If the active Gateway Engine fails, another Gateway Engine on one of the
other designated nodes will gain leadership and perform reconciliation to
advertise its Endpoint
and to ensure that it is the sole Endpoint
. The
remote clusters will learn of the new Endpoint
via the Broker and establish
a new tunnel. Similarly, the Route Agent Pods running in the local cluster
automatically update the route tables on each node to point to the new active
Gateway node in the cluster.
The impact on datapath for various scenarios in a kind setup are captured in the following spreadsheet.
The Gateway Engine continuously monitors the health of connected clusters.
It periodically pings each cluster and collects statistics including basic connectivity,
round trip time (RTT) and average latency. This information is updated in the Gateway
resource. Whenever the Gateway Engine detects that a ping to a particular cluster has failed,
its connection status is marked with an error state.
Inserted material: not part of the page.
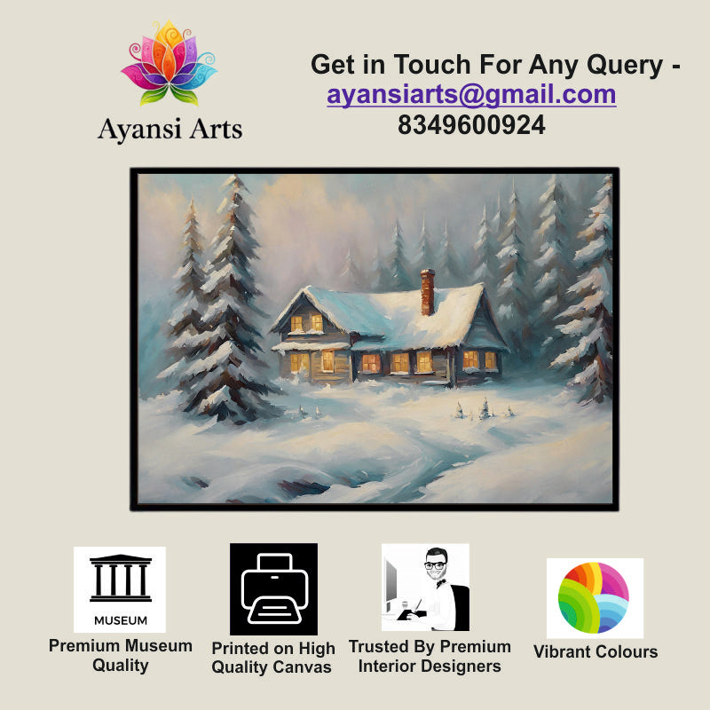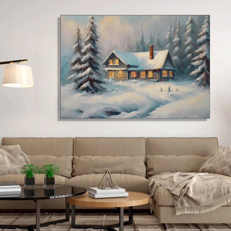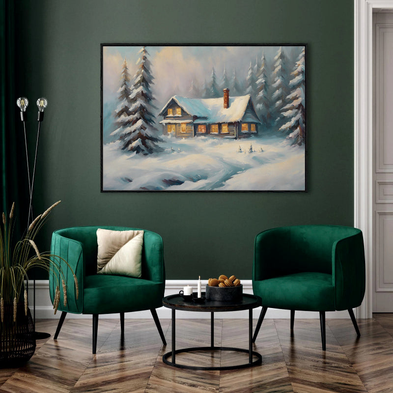 Winter's Warmth: A Snowbound Cabin Canvas Digital Painting

Service Discovery uses this information
to avoid unhealthy clusters during Service discovery.
The health checking feature can be enabled/disabled via an option on the
subctl
join command.
The load balancer mode is still experimental, and is yet to be tested in all cloud providers nor in different failover scenarios.
The load balancer mode is designed to simplify the deployment of Submariner in cloud environments where worker nodes don’t have a dedicated public IP available.
When enabled for a cluster during subctl join
,
the operator will create a LoadBalancer type Service exposing both the encapsulation dataplane port
as well as the NAT-T discovery port. This load balancer targets Pods labeled with
gateway.submariner.io/status=active
and app=submariner-gateway
.
When the LoadBalancer mode is enabled, the preferred-server
mode is enabled automatically for
the cluster, as IPsec is incompatible with the bi-directional connection mode and the
load balancers and client/server connectivity is necessary.
If a failover occurred, the load balancer would update to the new available and active gateway endpoints.
This mode is specific to the libreswan cable-driver which is based on IPsec. Other cable drivers ignore this setting.
When enabled for a cluster during subctl join
,
the gateway will try to establish connection with other clusters by configuring the IPsec connection
in server mode, and waiting for remote connections.
Remote clusters will identify the preferred-server
mode of this cluster, and attempt the connection.
This is useful in environments where on-premises clusters don’t have access to port mapping.
When both sides of a connection are in preferred-server
mode, they will compare the endpoint cable
names to decide which one will be server and which one will be client. When cable names are ordered
alphabetically, the first one will be the client, the second one will be the server.